The threshold that determines whether the predictive uncertainty is high or low is a hyperparameter that can be adjusted based on the
requirements and constraints of the semiconductor manufacturing process.
5. The Practical Implications and Benefits of the Semi-Automatic Approach
In the context of semiconductor manufacturing, the proposed semi-automatic approach offers several practical benefits. First, it combines the
strengths of CNNs (speed and scalability) with those of process engineers (precision and reliability), enabling high-throughput and accurate wafer
map classification.
Second, the semi-automatic method addresses the challenge of misclassification, which can lead to significant financial losses. By utilizing human
expertise when the CNN's predictive uncertainty is high, the method reduces the likelihood of misclassification and thus safeguards the economic
viability of the manufacturing process.
Third, the semi-automatic approach can help manage workforce resources more effectively. By automating the classification of wafer maps with
low predictive uncertainty, process engineers can focus their efforts on more challenging cases that require in-depth analysis, enhancing the
overall productivity of the manufacturing process.

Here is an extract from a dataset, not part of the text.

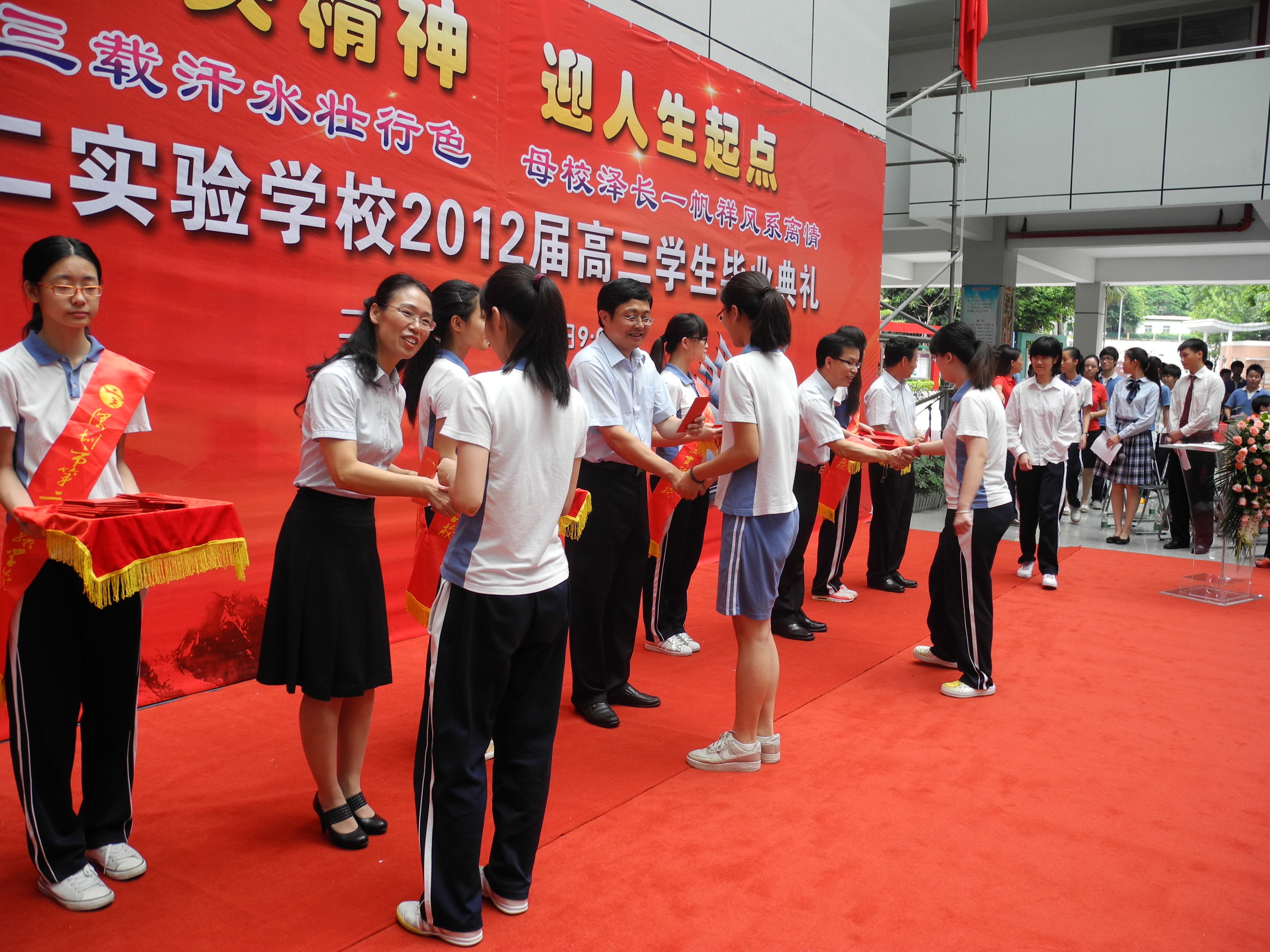 毕业典礼在刚刚荣获校园十大歌手称号的高三一班张敏慎等同学的临别献歌的深情曲调下落下帷幕,学子们的三个鞠躬,师长们的声声叮咛与祝福,成长的喜悦与淡淡的离情盈满二实的校园。

Lastly, by providing an additional layer of scrutiny for wafer map classification, the semi-automatic approach helps improve the overall yield of the
manufacturing process. By detecting and categorizing defects more accurately, process engineers can better understand the root causes of these
defects and take corrective measures, thereby optimizing the yield of the process.
Conclusion
In conclusion, the semi-automatic wafer map pattern classification method offers an efficient solution for achieving near-perfect accuracy in
semiconductor manufacturing. This method successfully manages the high costs of misclassification associated with fully automated systems,
leveraging the strengths of both CNNs and process engineers. By harnessing the power of AI, we can ensure higher wafer yield, reduce wastage,
and streamline the semiconductor manufacturing process.
References
1. Berrar, D., & Grébici, D. (2021). Data Mining in Semiconductor Manufacturing. CRC Press.
2. Ngan, H. Y. T., Lau, H., & Mak, K. L. (2018). Wafer map defect pattern classification and image retrieval using Convolutional Neural
Network. IEEE Transactions on Semiconductor Manufacturing, 31(1), 95-104.
3. Suh, S. C., & Kim, I. S. (2020). A comprehensive review of semiconductor wafer map defect pattern recognition. Journal of Semiconductor
Technology and Science, 20(1), 1-19.